Line starts with a "7", for the number located in column 34.
Line starts with a "8", for the number located in column 35.
With the above substitution rules, the resulting file (using the current file as an example), would result in:
output.txt
10004226549870
2042265498700620
5032000067470318021604226549870062001186
6032001000013122I3000522105000000456000131289
6032002000065455E3000522109000004242000654555
6032003000024639B3000522090000005571000246392
6032004000026354A3000521196000248920000263541
6032005000017596{300052196600000101700017596
6032006000010548E3004867190000001003000105485
6032007000014512B3000522095000003981000145122
750300006747031802160007000172228D0007
8999999067470318021600007000172228D
9000013
**MyCode
my $fn = 'input.txt';
my $wr = 'output.txt';
my %repl = (
1 => "A"
2 => "B"
3 => "C"
4 => "D"
5 => "E"
6 => "F"
7 => "G"
8 => "H"
9 => "I"
0 => "{"
);
open ( my $fh, '<', $fn ) or die "Could not open file '$fn': $!";
open ( my $ww, '>', $wr ) or die "Could not open file '$fn': $!";
my @lines;
while (my $line = <$fh>) {
chomp $line;
push @lines, $line;
if ( $line =~ /^6/) {
foreach my $key (sort keys %repl){
substr($line, 17, 1) =~ s/\b$key\b/$repl{$key}/g
substr($line, 45, 1) =~ s/\b$key\b/$repl{$key}/g
}
}
elsif ($line =~ /^7/) {
foreach my $key (sort keys %repl){
substr($line, 34, 1) =~ s/\b$key\b/$repl{$key}/g
}
}
elsif ($line =~ /^8/) {
foreach my $key (sort keys %repl){
substr($line, 35, 1) =~ s/\b$key\b/$repl{$key}/g
}
}
else {
print $ww $_;
}
}
close $fh;
close $ww;
Upvotes: 3
Views: 216
Reputation: 2317
I generally like to avoid using the regex engine unless I'm matching a pattern. Here's how I might do it.
use strict;
use warnings;
my %table = (
1 => 'A', 2 => 'B', 3 => 'C', 4 => 'D', 5 => 'E',
6 => 'F', 7 => 'G', 8 => 'H', 9 => 'I', 0 => '{',
);
my %subs = (
6 => [17, 45],
7 => [34],
8 => [35],
);
while (my $line = <DATA>) {
chomp $line;
my $cols = $subs{ substr($line, 0, 1) } // [];
for my $col (@$cols) {
next if length($line) < $col;
my $char = substr($line, $col - 1, 1);
substr($line, $col - 1, 1) = $table{$char};
}
print "$line\n";
}
__DATA__
10004226549870
204226549870062001186000000000040008060802
5032000067470318021604226549870062001186
603200100001312293000522105000000456000131289
603200200006545553000522109000004242000654555
603200300002463923000522090000005571000246392
603200400002635413000521196000248920000263541
60320050000175960300052196600000101700017596
603200600001054853004867190000001003000105485
603200700001451223000522095000003981000145122
75030000674703180216000700017222840007
89999990674703180216000070001722284
9000013
Upvotes: 2
Reputation: 66899
This is good and the only problem I can see is that you may have miscounted, as substr counts start with 0. The other thing is that every line needs to be written to the output file, so lose that final else
and just write out the line, changed or not.†
However, I'd offer an improvement.
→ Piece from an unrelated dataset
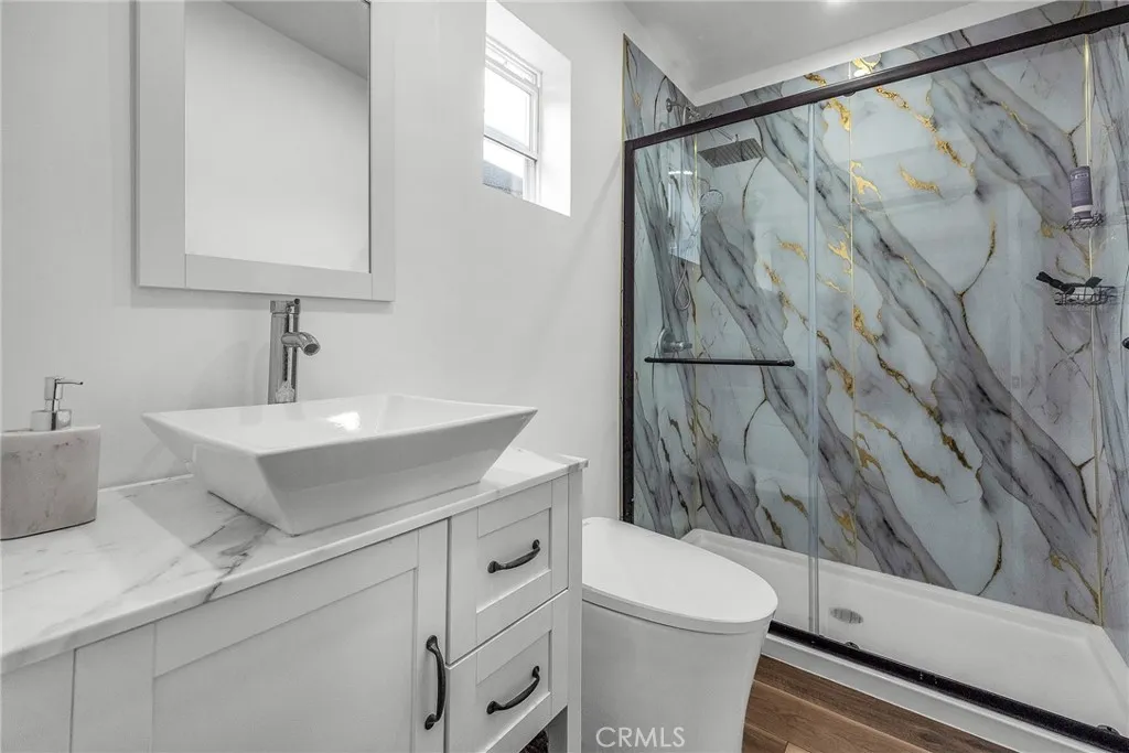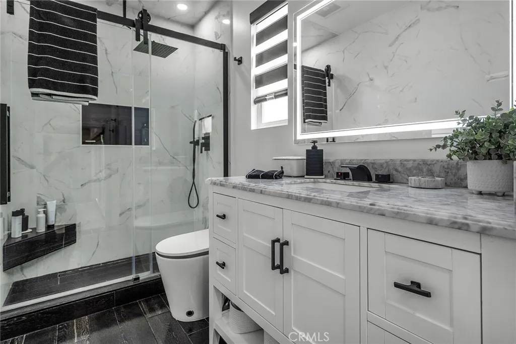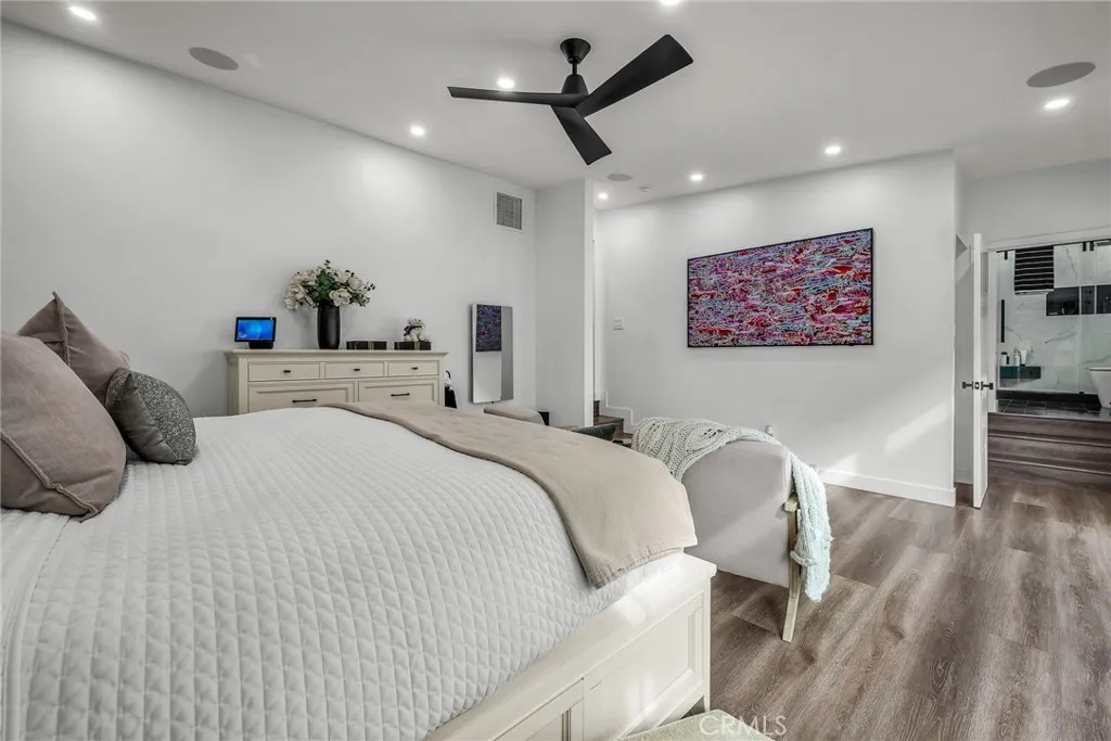 Beautifully updated home located on a quiet street in desirable Lake Balboa, blending modern luxury with energy-efficient living. The property is fully enclosed by a brand-new modern privacy fence and features a new roof installed in 2024, offering both security and long-term peace of mind. Step inside to a bright open floor plan enhanced by a recent permitted addition, custom-built wall units, and built-in closet. The primary suite features a large walk-in closet and new remote-controlled blinds for added comfort and convenience. Smart & Modern Features: Automated blinds throughout the home Smart bathrooms with high-end automated fixtures Fully paid-off solar panel system Four flush-mounted ceiling speakers (included) High-quality integrated sound system in the exterior office Full suite of newly installed high-end appliances Enjoy year-round comfort with central HVAC plus three bedrooms equipped with newly installed mini-split units for personalized climate control. The backyard is designed for modern living and entertaining, featuring a detached exterior office with private bathroom, a premium built-in barbecue, and two storage rooms (approx. 20x6 and 10x10). The home recently completed a permitted addition, currently in the process of being updated in the city system. Buyers are advised to conduct their own due diligence regarding exterior structures and features. A rare opportunity to own one of the most upgraded homes in the neighborhood.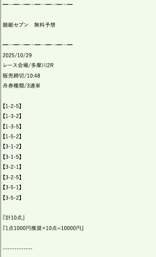 キャブレターの交換を考えてか?とも思うかもしれないが、競艇セブンの予想公開は展示よりも前なため、直前情報は考慮されていない。

Probing for a character by running a regex for each key is not needed, and is wasteful and expensive. There are other ways, which are simpler and efficient.
Using substr
we need two calls when its replacement is decided dynamically
substr $line, 16, 1, $repl{ substr $line, 16, 1 };
This replaces a substring of length 1
at position 17 (counting starts with 0) with a value in %repl
for a key which is the substring of length 1
at position 17.
But this line on its own can have a problem if the string was shorter than the required position. Ths is in fact the case with the line that gets {
as replacement, which has only 44 characters. Given rather "specific" behavior of substr
with edge cases it's better to not reach for "fixes" but check
# for $col == 45 (etc)
if (length $line >= $col) {
substr $line, $col-1, 1, $repl{ substr $line, $col-1, 1 };
}
Those positions can be prepared in an array to avoid scattered magic numbers or scalars.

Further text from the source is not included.